15 avril: Ryan Roth, de SpiderTech-C10, surprend certains des meilleurs coureurs français en remportant le Tro Bro Léon, course d'un jour disputée en partie sur des routes de gravier en Bretagne. Son coéquipier Guillaume Boivin l'accompagne sur la troisième marche du podium.

14 et 15 mai: David Boily porte le maillot de meilleur grimpeur pendant deux jours au Tour de Californie.

27 mai: Ryder Hesjedal gagne le Giro d'Italie, devenant le premier cycliste canadien à s'imposer dans l'un des trois grands Tours. Il surpasse ainsi l'exploit de Steve Bauer, qui a porté le maillot jaune au Tour de France durant 14 jours en 1988 et 1990. Fait exceptionnel, trois autres Canadiens ont pris part au Giro: Dominique Rollin, Svein Tuft et Christian Meier, ce qui représente une première.

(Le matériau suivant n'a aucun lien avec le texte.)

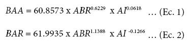 donde: BAA = biomasa de acículas (kg), BAR = biomasa de ramas (kg), ABR = área basal de rama (cm), AI = altura de inserción (m). Las bondades de ajuste (R2) fueron de 0.88 y 0.89, para las Ecs. 1 y 2 respectivamente.

17 juin: Le vétéran Bruno Langlois enlève la dernière étape du Tour de Beauce. Hugo Houle, 21 ans, prend le deuxième rang classement général final.

11 août: Svein Tuft remporte le contre-la-montre pour prendre la tête du Eneco Tour, une course par étapes aux Pays-Bas et en Belgique qu'il terminera au septième rang.

18 août: David Veilleux s'impose en solitaire aux Trois Vallées Varésines, une prestigieuse classique italienne créée en 1919. Il résiste au retour du champion italien Giovanni Visconti dans le circuit final très accidenté. Au palmarès, le coureur de Cap-Rouge succède à de grands noms tels Davide Rebellin, Stefano Garzelli, Danilo Di Luca et Claudio Chiappucci. À noter la quatrième place de François Parisien, qui a raté la première moitié de saison en raison d'une blessure à un genou.

1er septembre: Boivin se classe septième de la World Ports Classic, un nouveau diptyque belgo-néerlandais regroupant plusieurs des meilleurs sprinters de la planète. En février, il a fini deuxième de la deuxième étape du Tour méditerranéen.

Mai et août-septembre: Rollin participe successivement au Giro et à la Vuelta, les deux plus grandes courses par étapes de trois semaines après le Tourde France.